– Как же ты однобоко судишь обо всем, Петр, поражаюсь тебе! – воскликнул Лермонтов. – Да разве можно делать выводы об обществе, существуя вне его? Только лишь проводя время с этими людьми, в высшем свете, ты понимаешь, сколь велико их стадное стремление во всем потакать пастуху в короне!
– И царь у тебя уже – пастух? – прошипел Долгоруков. – И это говорит наследник Столыпиных!
– Вот в том между нами и разница, – заявил Мишель холодно. – Тебе и другим, тебе подобным, все равно, совершил ли Николай что-то мудрое или откровенную глупость – вы поддержите его, как верное стадо, а он и рад слушать ваш стройный хор подпевал…
Долгоруков резко вскочил с места, и Гагарин воскликнул:
– Довольно!
Монго сделал шаг вперед, практически загородив собой Лермонтова.
– А известно ли тебе, корнет, что твой обожаемый Александр Сергеевич, твой кумир, тоже является частью царской свиты? Более того, многие в городе поговаривают, что он состоит в Третьем отделении…
– Довольно лжи!
– А может, просто правда глаза колет? Но ничего, поманит царь Наталью, и вот тогда увидишь, как изменится тон твоего Пушкина – заголосит громче вас с Чаадаевым вместе взятых…
Петр Алексеевич увидел, как Лермонтов побагровел лицом, а Жерве с Монго, напротив, побледнели.
– Проваливайте отсюда, иначе я за себя не ручаюсь! – воскликнул Мишель в сердцах.

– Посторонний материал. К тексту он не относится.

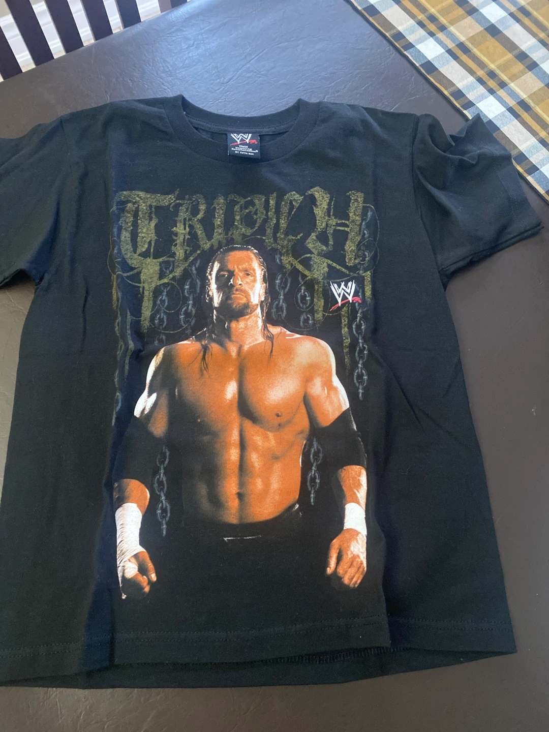 Up for grabs is a black WWE t-shirt featuring Triple H! It's in great shape and ready for a new home. Perfect for any wrestling fan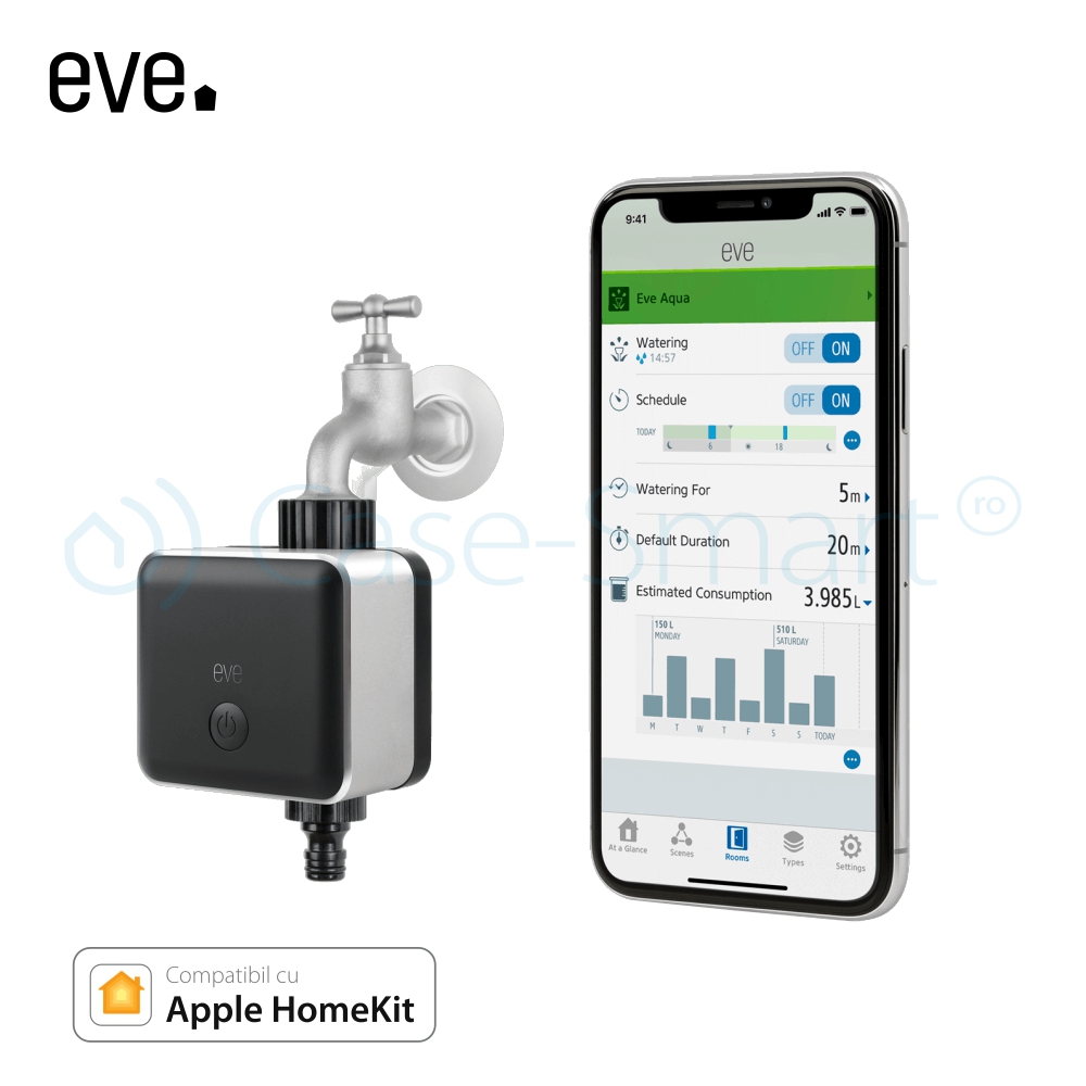 Sistem smart pentru automatizarea irigatiei Eve-aqua, compatibil cu Apple Home Kit

– Тебе действительно лучше уйти, Петр, – строго произнес Долгорукову Гагарин. – Я изначально вас с Жерве просил не разглагольствовать об Александре Сергеевиче, а ты не просто пренебрег этой просьбой, но еще и зачем-то упомянул честь его супруги… Не красит тебя это совершенно.
Выслушав это, Долгоруков процедил:
– За мной вы видите, что должно, а за ним, стало быть, замечать не желаете? Ну что же, пусть будет так. Только помните: с такими проводниками, как Чаадаев и Лермонтов, вы далеко не уйдете, а царь не из тех, кто прощает измену. И не говорите потом, что я вас не предупреждал. До встречи.
С этими словами он вышел из кабинета и устремился по лестнице вниз. Гагарин проследовал за разъяренным гостем, чтобы проводить его до дверей.
– Тем чище станет воздух, – сказал Лермонтов в ответ на вопросительный взгляд Монго. – Я многое могу стерпеть в свой адрес, но оскорблений в адрес Александра Сергеевича не потерплю.
– Я знаю, – мягко сказал Столыпин.
Тот вечер Петр Алексеевич запомнил надолго: впервые вечер, проведенный в чужом доме, породил в нем столь много разных чувств и мыслей. Спор Лермонтова с Долгоруковым вышел горячим, и, что больше всего поразило Уварова, поэт совершенно не стеснялся прямо говорить о пороках царя и его окружения. Стоило же противнику корнета покинуть дом Гагарина, и Лермонтов превратился в остроумного балагура. О недавней склоке он более не вспоминал, и только Монго, когда они с Уваровым ехали от князя домой, со вздохом сказал:
– Ах, Мишель… Любая шпилька в адрес Пушкина действует на него, словно красный платок матадора на разъяренного быка. Долгоруков это прекрасно знал и нарочно ударил по больному месту. Впрочем, сам-то он Пушкина не жалует уже давно – то ли от зависти, то ли по каким-то иным, неизвестным мне причинам…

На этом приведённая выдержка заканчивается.